*** Begin section ***

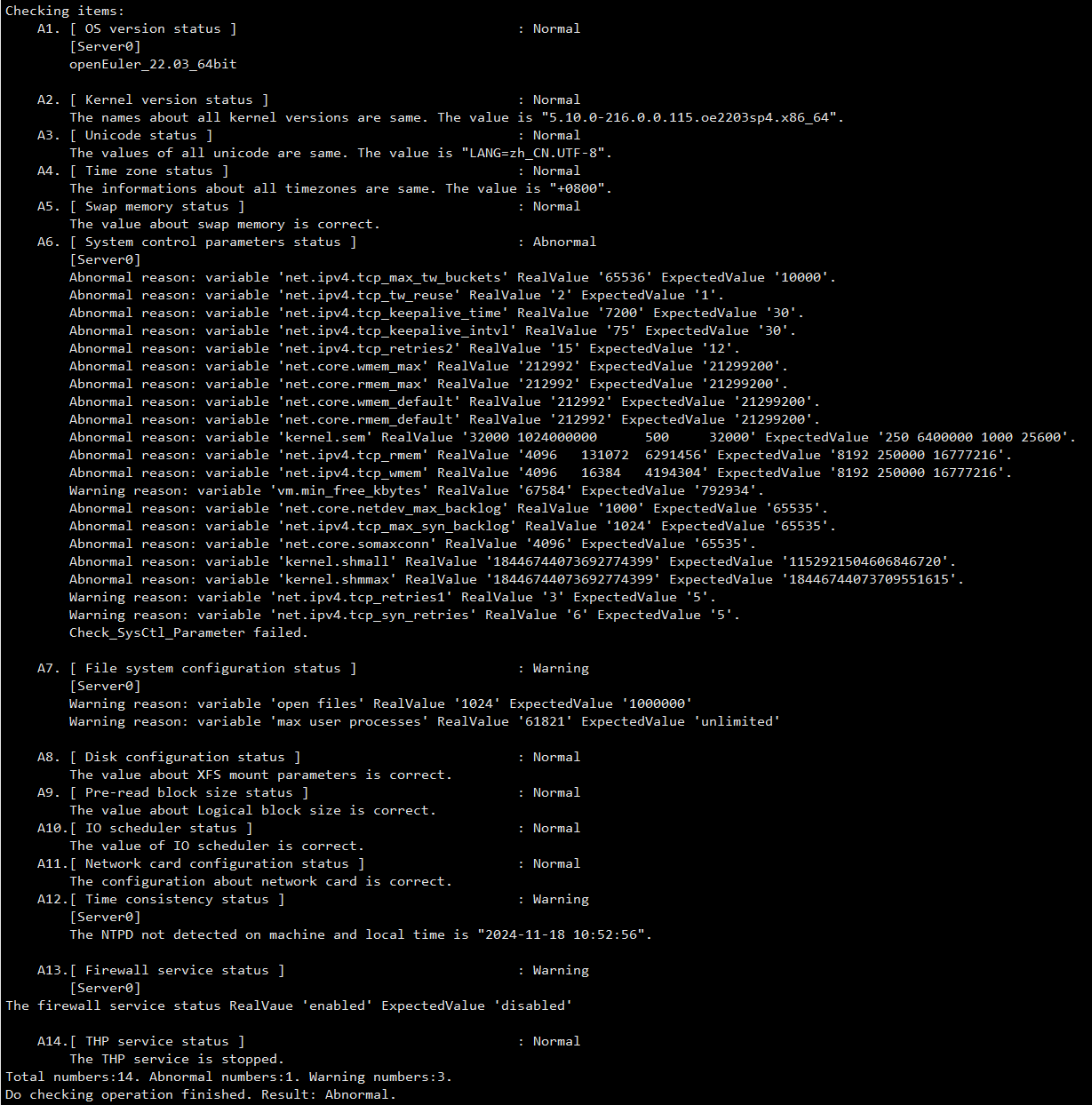 检查结果如果为“Warning”,请对照官方文档进行核实各项配置,确认是否需要调整。检查结果如果为“Abnormal”,应按官方文档说明进行调整后再进行部署。
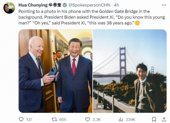화 대변인은 이날 자신의 소셜미디어 X(옛 트위터)에 이 같은 일화를 적었다. 게시글에 따르면 바이든 대통령은 자신의 휴대폰을 시 주석에게 내밀며 "이 청년이 누군지 아느냐"고 물었고, 휴대폰 속에는 1985년 미국을 방문해 샌프란시스코 금문교(골든게이트브리지)를 배경으로 찍은 사진이 있었다. 시 주석은 이에 웃어 보이며 "안다, 38년 전의 일"이라고 답했다.
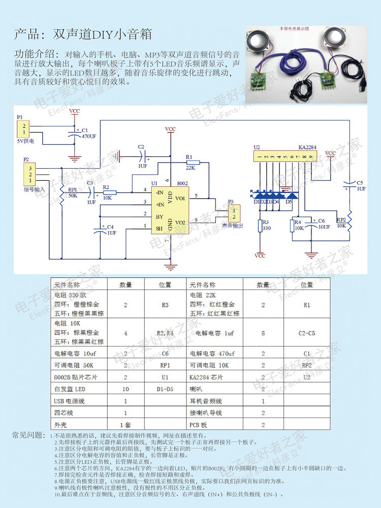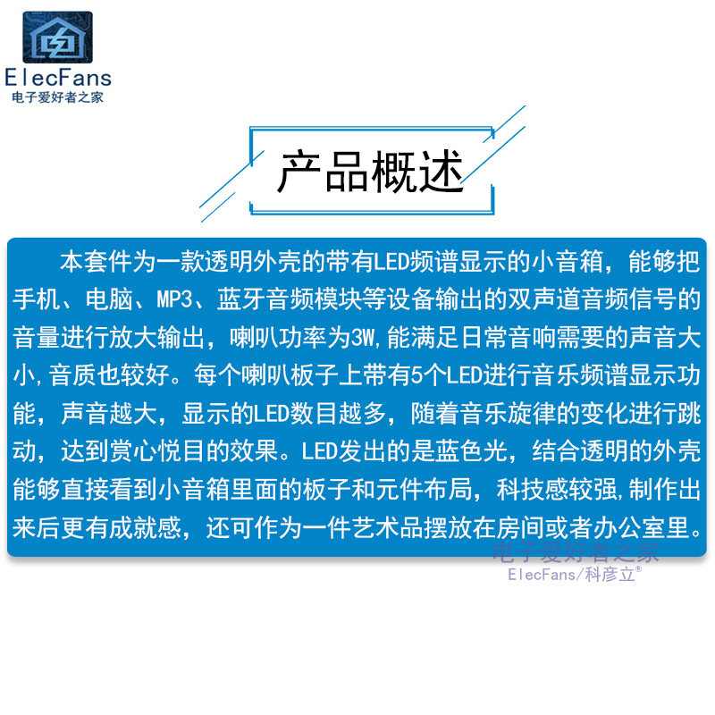 [对输入的手机、电脑、MP3等双声道音频信号的音量进行放大输出,每个喇叭板子上带有5个LED音乐频谱显示,声音越大,显示的LED数目越多,随着音乐旋律的变化进行跳动,具有音质较好和赏心悦目的效果。]
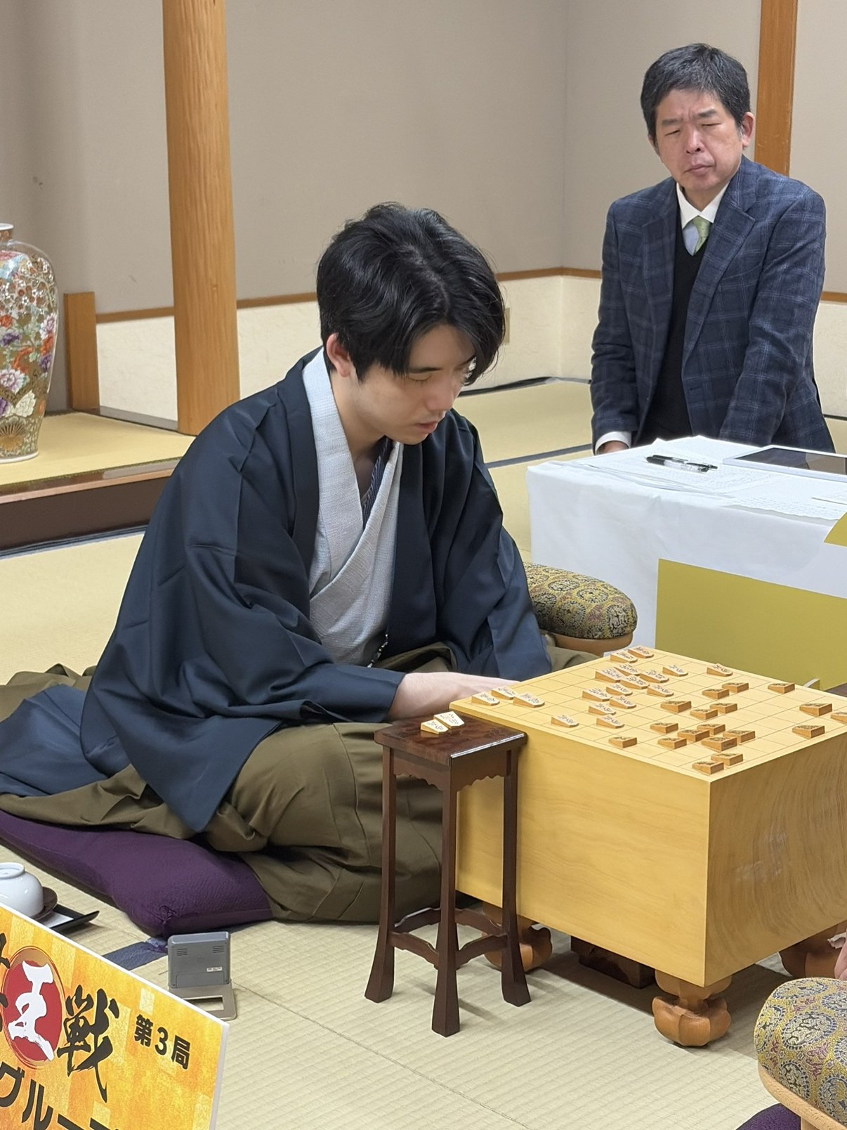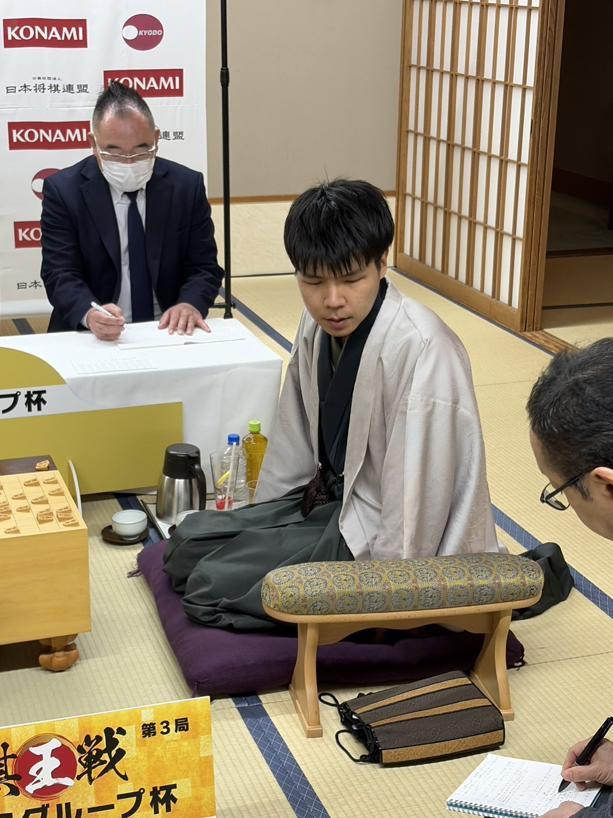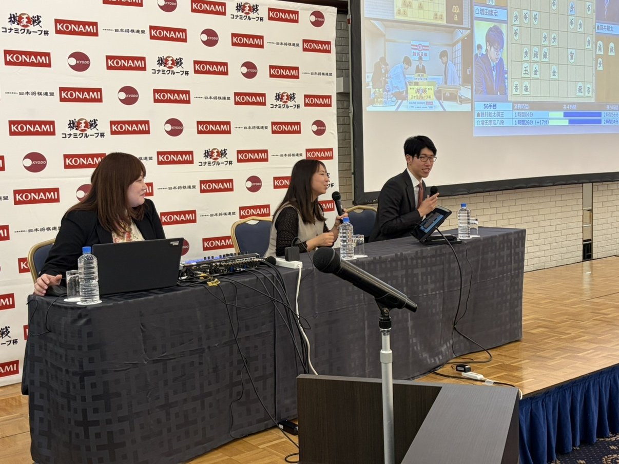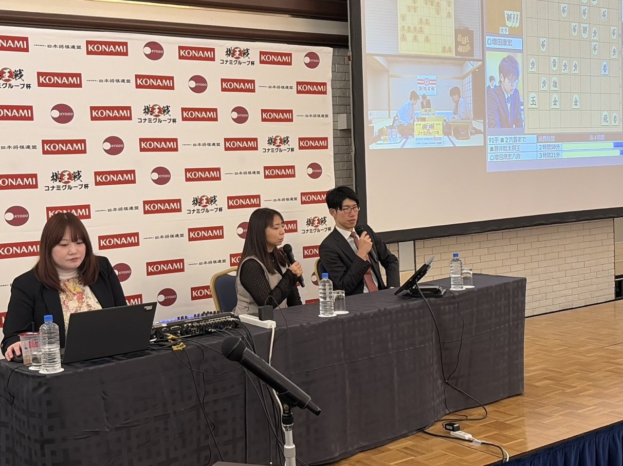 【午後2時前】本田女流四段「先日、棋聖戦の就位式で花束贈呈をしたんですけど、藤井棋王を近くで見て青年、大人になったなあと感じました。おばちゃん的ですけど。みなさんも長年見ているから分かると思いますが、笑顔の作り方も上手になって。その土地土地のことをお話しされてますし、弱点がさらになくなってきてますよね」

*** End section ***

* _TASK OBJECTIVE_
Omitting all pictures, set the listing down exactly.

* _EXPECTED ANSWER_
 检查结果如果为“Warning”,请对照官方文档进行核实各项配置,确认是否需要调整。检查结果如果为“Abnormal”,应按官方文档说明进行调整后再进行部署。
화 대변인은 이날 자신의 소셜미디어 X(옛 트위터)에 이 같은 일화를 적었다. 게시글에 따르면 바이든 대통령은 자신의 휴대폰을 시 주석에게 내밀며 "이 청년이 누군지 아느냐"고 물었고, 휴대폰 속에는 1985년 미국을 방문해 샌프란시스코 금문교(골든게이트브리지)를 배경으로 찍은 사진이 있었다. 시 주석은 이에 웃어 보이며 "안다, 38년 전의 일"이라고 답했다.
 [对输入的手机、电脑、MP3等双声道音频信号的音量进行放大输出,每个喇叭板子上带有5个LED音乐频谱显示,声音越大,显示的LED数目越多,随着音乐旋律的变化进行跳动,具有音质较好和赏心悦目的效果。]
 【午後2時前】本田女流四段「先日、棋聖戦の就位式で花束贈呈をしたんですけど、藤井棋王を近くで見て青年、大人になったなあと感じました。おばちゃん的ですけど。みなさんも長年見ているから分かると思いますが、笑顔の作り方も上手になって。その土地土地のことをお話しされてますし、弱点がさらになくなってきてますよね」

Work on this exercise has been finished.